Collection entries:
• • • • •

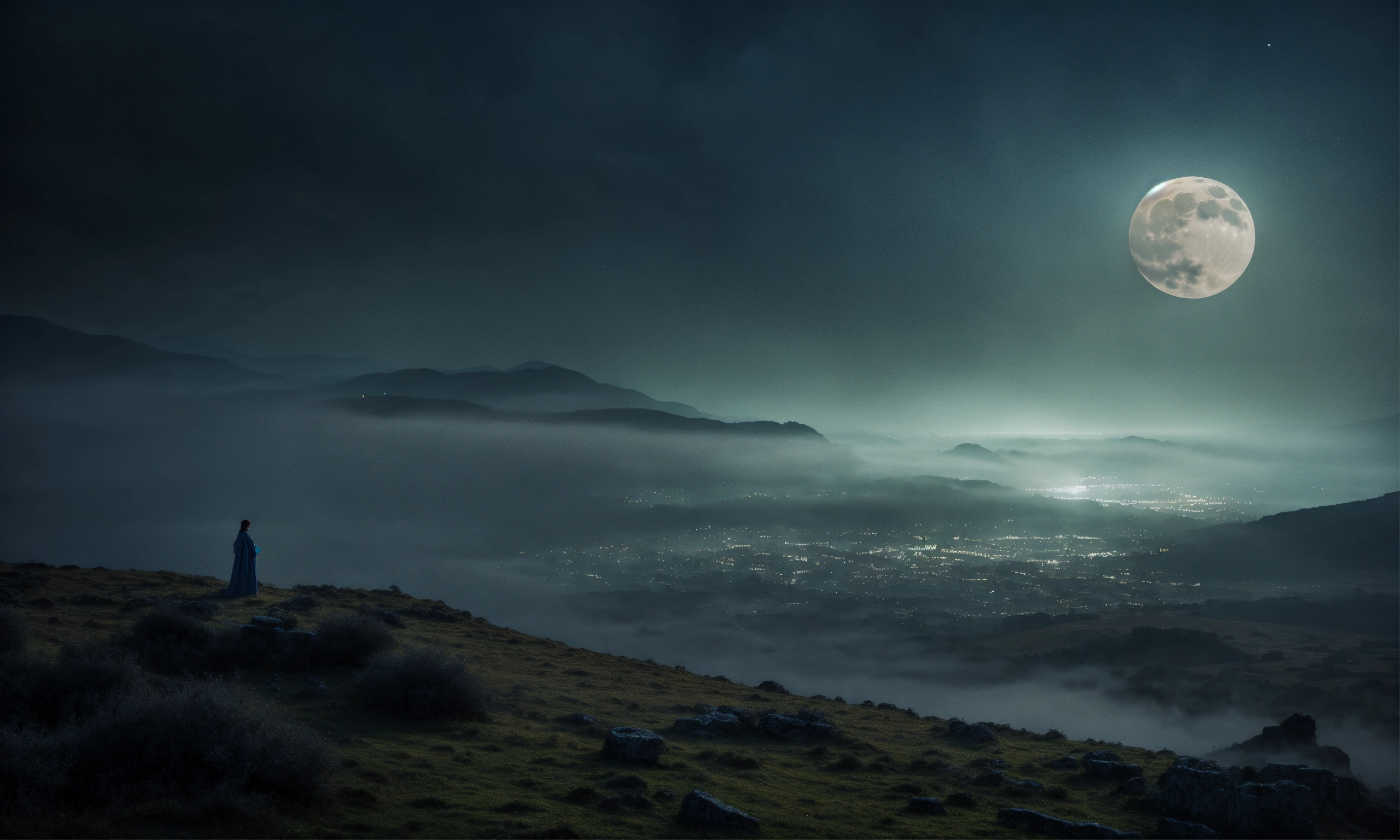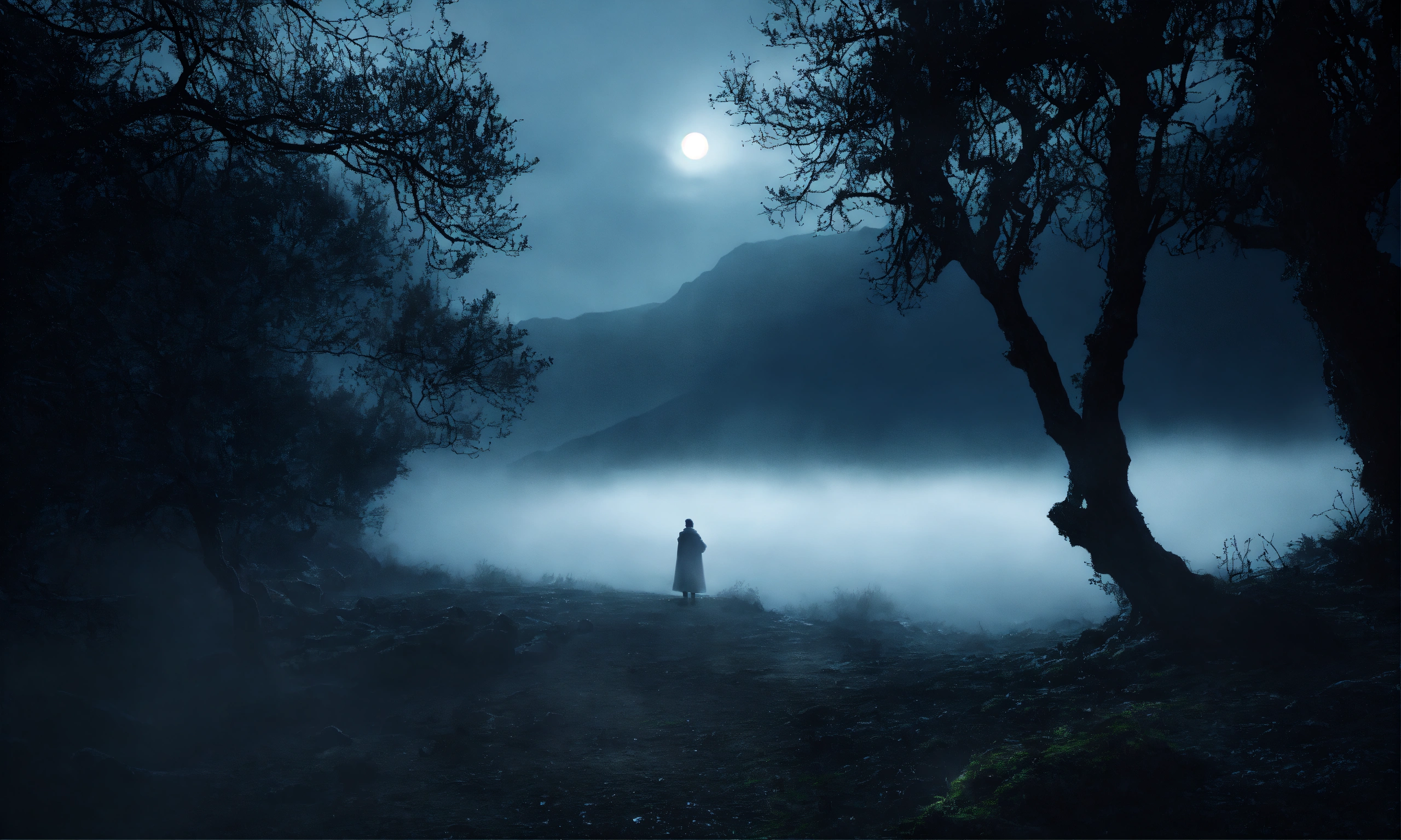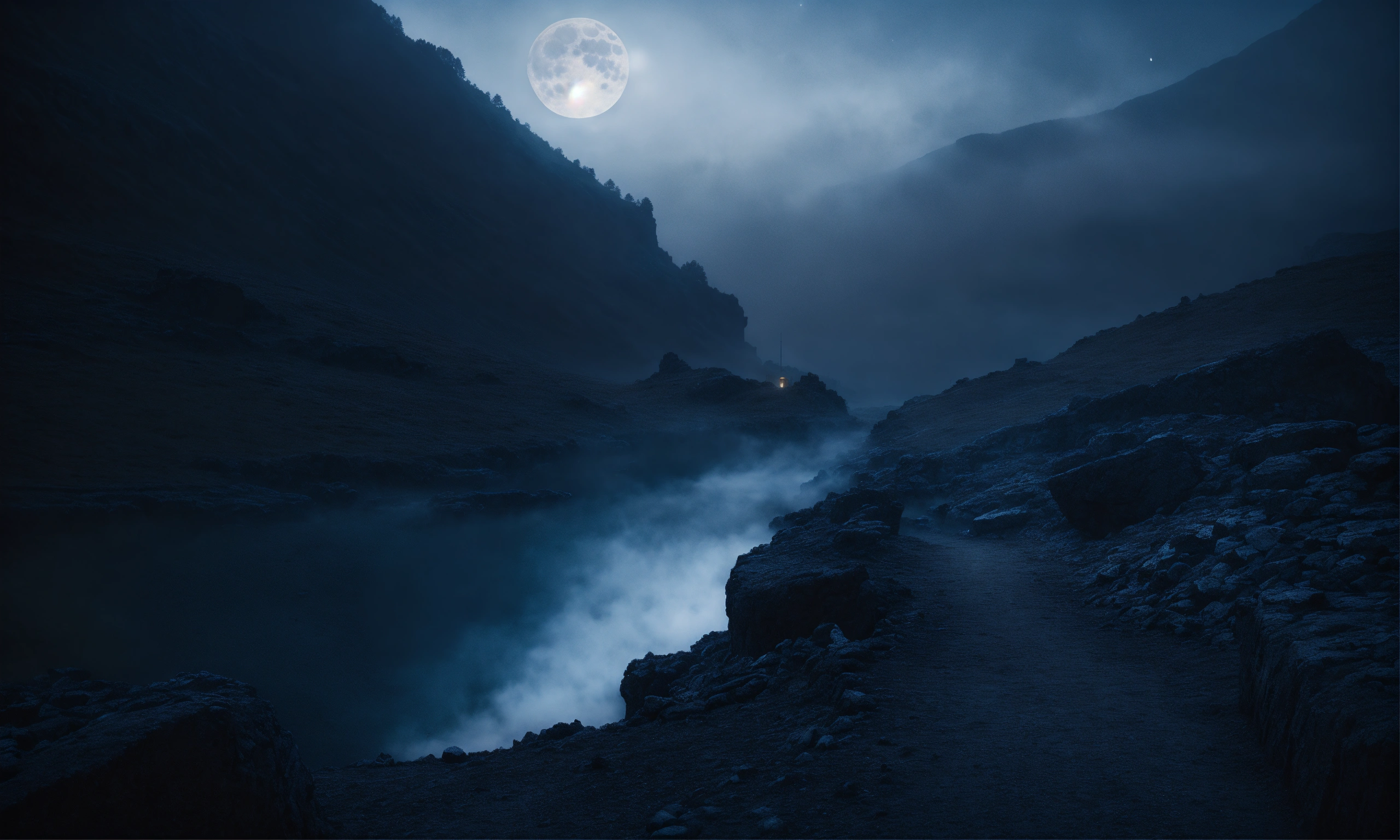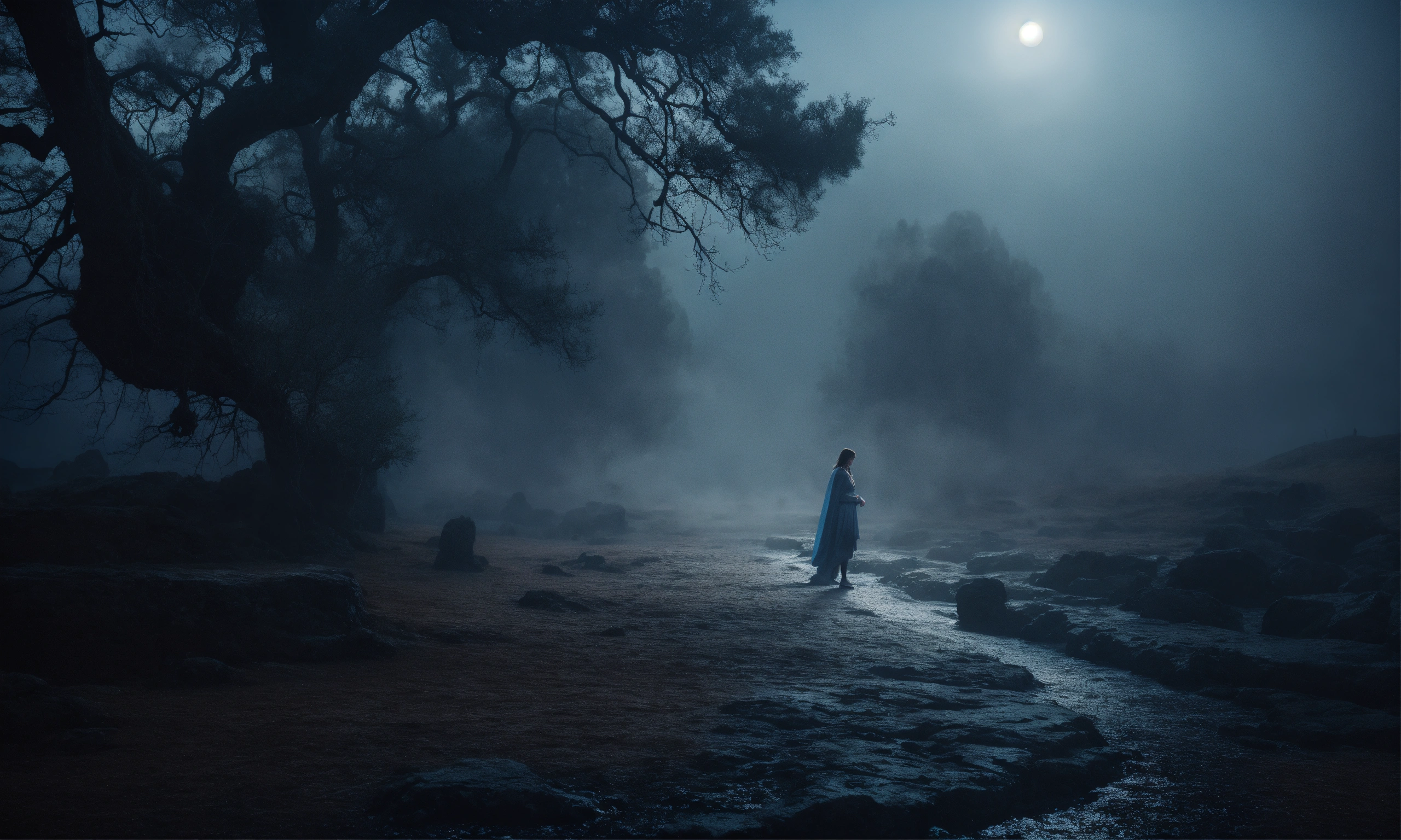 Greek mythology, underworld landscape, dark moonlight, mist, portrait photography, taken with a 50mm lens, hyper-realistic
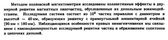Методом холловскоЙ магнитометрии исследованы коллективные эффекты в двумерной решетке магнитных наночастиц, обусловленные их дипольным взаимодействием. Исследуемая система состоит из 106 частиц пермаллоя с диаметром и высотой ~ 40 нм, образующих решетку с прямоугольной элементарной ячейкой (90 нм χ 180 нм). Наблюдающиеся особенности кривых намагничивания мы связываем с квазиодномерностью исследуемой решетки частиц и образованием солитонов в цепочках диполей.
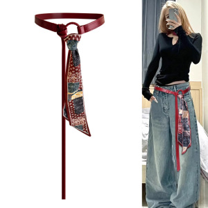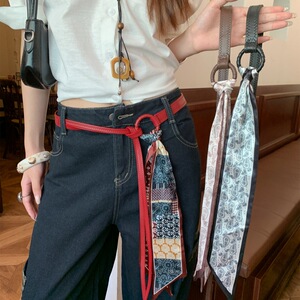 美式辣妹~红色丝巾腰带配饰女复古嘻哈朋克甜酷装饰腰链配牛仔裤
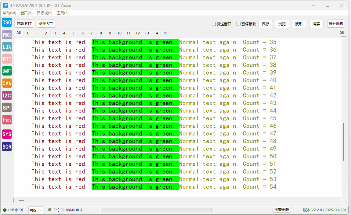 (3)H7-TOOL的RTT Viewer功能再升级,支持MDK下载程序时断开RTT刷新,下载完毕自动重连
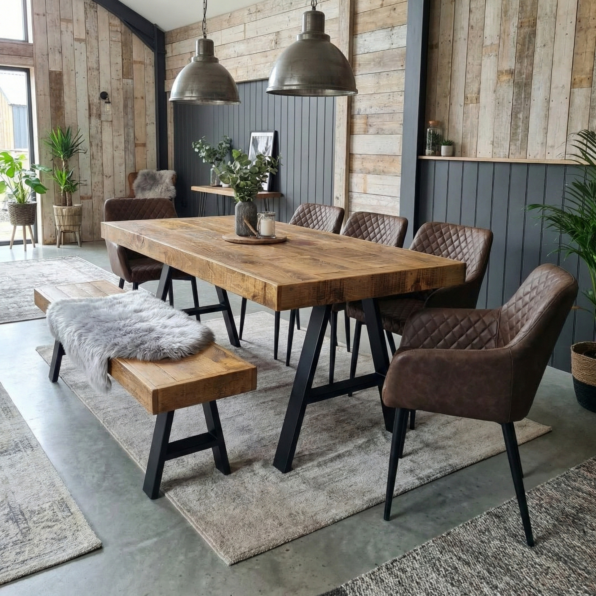 Boston Dining Table A Frame Steel Legs Industrial Rustic Wood

• • • • •

INSTRUCTIONS FOR THE TASK: Please repeat the entries exactly. Do not include the pictures.

ANSWER TO THE PROBLEM:
 Greek mythology, underworld landscape, dark moonlight, mist, portrait photography, taken with a 50mm lens, hyper-realistic
Методом холловскоЙ магнитометрии исследованы коллективные эффекты в двумерной решетке магнитных наночастиц, обусловленные их дипольным взаимодействием. Исследуемая система состоит из 106 частиц пермаллоя с диаметром и высотой ~ 40 нм, образующих решетку с прямоугольной элементарной ячейкой (90 нм χ 180 нм). Наблюдающиеся особенности кривых намагничивания мы связываем с квазиодномерностью исследуемой решетки частиц и образованием солитонов в цепочках диполей.
 美式辣妹~红色丝巾腰带配饰女复古嘻哈朋克甜酷装饰腰链配牛仔裤
 (3)H7-TOOL的RTT Viewer功能再升级,支持MDK下载程序时断开RTT刷新,下载完毕自动重连
 Boston Dining Table A Frame Steel Legs Industrial Rustic Wood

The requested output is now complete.